Sur le plan de son organisation, le nettoyage à la CGT est organisé sur l’Ile de France en syndicat régional et, sur les bassins d’emplois où la concentration d’entreprises et des salariés du nettoyage est plus réduite, en collectifs propreté à l’intérieur des UL et des UD. Aucun permanent ne s’occupe de ce secteur d’activité mais des délégués centraux des grands groupes (ONET, Peauneuille, ISS, etc.) dont « l’activité principale est de pallier à l’éparpillement des personnels et à la dispersion des sites qui rendent difficile la tenue de réunions sur le terrain en diffusant une information écrite régulière aux DS dans les entreprises » (Secrétaire général de la Fédération des Ports et Docks).

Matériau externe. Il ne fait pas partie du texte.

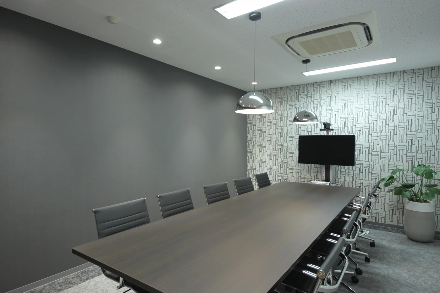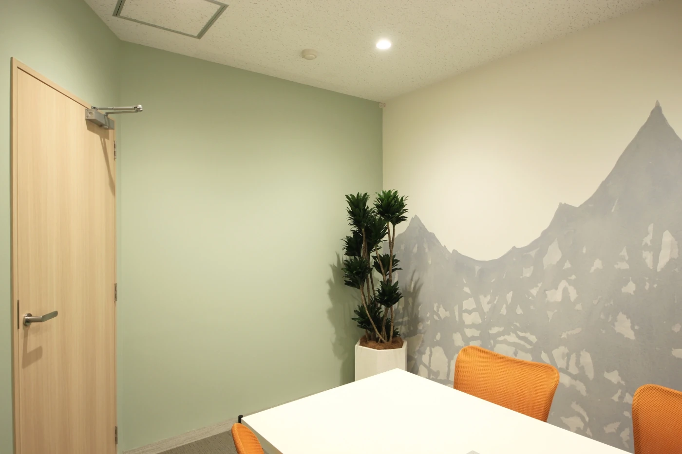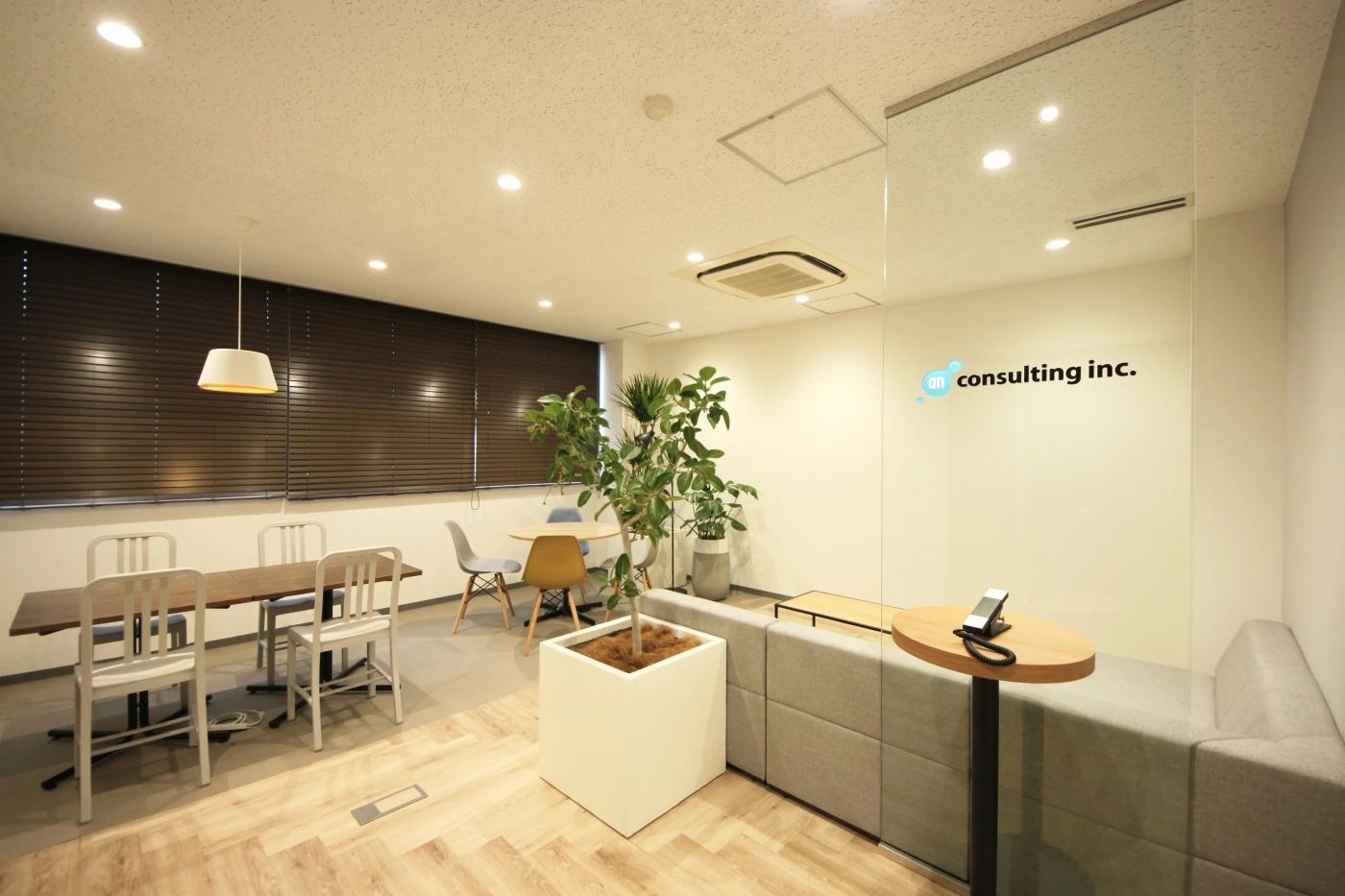 「社員に自由に快適に働いてほしい」という代表の想いから"My places"というコンセプトをつくり、各々が心地よいと感じられる空間を選択できるようなオフィス空間を目指しました。エントランスは閉塞感を感じさせないように床にリズムをつけ、ガラスや植栽で解放感を演出しました。全体的にカジュアルで明るいカフェのような開放的な雰囲気にしております。2つの会議室は、クロスのデザインで都会的な雰囲気と明るく開放的な自然を感じられる雰囲気と、対照的なお部屋に仕上げました。

Les principales revendications de la Fédération Ports et Docks pour le secteur du nettoyage : - Augmentation des salaires avec un minimum de 1 500 € nets par mois

- 13e mois

- Majoration des heures de nuit, dimanches et jours fériés à 100 % - Délai de carence en cas de maladie ramené à 3 jours au lieu de 10 jours - Prise en charge d’une mutuelle à 50 % par le patronat

- Augmentation des taux de la prime d’expérience - Augmentation de la prime de transport

- Renforcement de la continuité des contrats lors d’un changement de prestataire.

Néanmoins, ce jeu incessant de pertes et de reprises de marché complexifie singulièrement l’activité des organisations syndicales − certains syndicalistes allant jusqu’à parler de dysfonctionnement du droit syndical −, celles-ci étant dans l’obligation de se réorganiser en permanence au niveau local (modification ou perte des instances de représentation du personnel sur les sites) et au niveau de l’entreprise (modification ou perte des mandats dans l’entreprise sortante).

« L’application de l’annexe VII peut être défavorable pour les organisations syndicales. Cela peut être une variable pour une entreprise qui veut casser une section syndicale particulièrement efficace et active. Elle peut passer un appel d’offres qui va poser des problèmes au niveau du transfert des délégués Quelqu’un qui a été désigné délégué dans une entreprise X, s’il est transféré dans l’entreprise Y, non seulement n’est plus délégué dans son ancienne entreprise, le lien est donc coupé avec ses salariés, mais on n’a aucune certitude sur le fait qu’il puisse être désigné dans l’entreprise Y où le mandat peut déjà être occupé. C’est une situation à laquelle on est souvent confronté. Ce n’est pas l’annexe VII qui pose problème. Ce sont ses conditions d’application dans un contexte où les rotations de contrats sont beaucoup trop rapides » (Secrétaire général de la fédération des

Ports et Docks CGT).

Cette contrainte s’exerce encore plus fortement sur les syndicats non confédérés. Car, la reprise d’un chantier par une entreprise peut également lui fournir l’occasion de contester leur représentativité : « Pour une organisation

syndicale comme la nôtre, cela veut dire que nous perdons la représentativité car le nouvel entrant nous la conteste systématiquement. Si le nombre de travailleurs sur le chantier repris est faible et que l’entreprise est importante, nous n’avons plus forcément les critères de représentativité nécessaires (peu d’adhérents, pas d’activité syndicale dans la nouvelle entreprise…) » 121.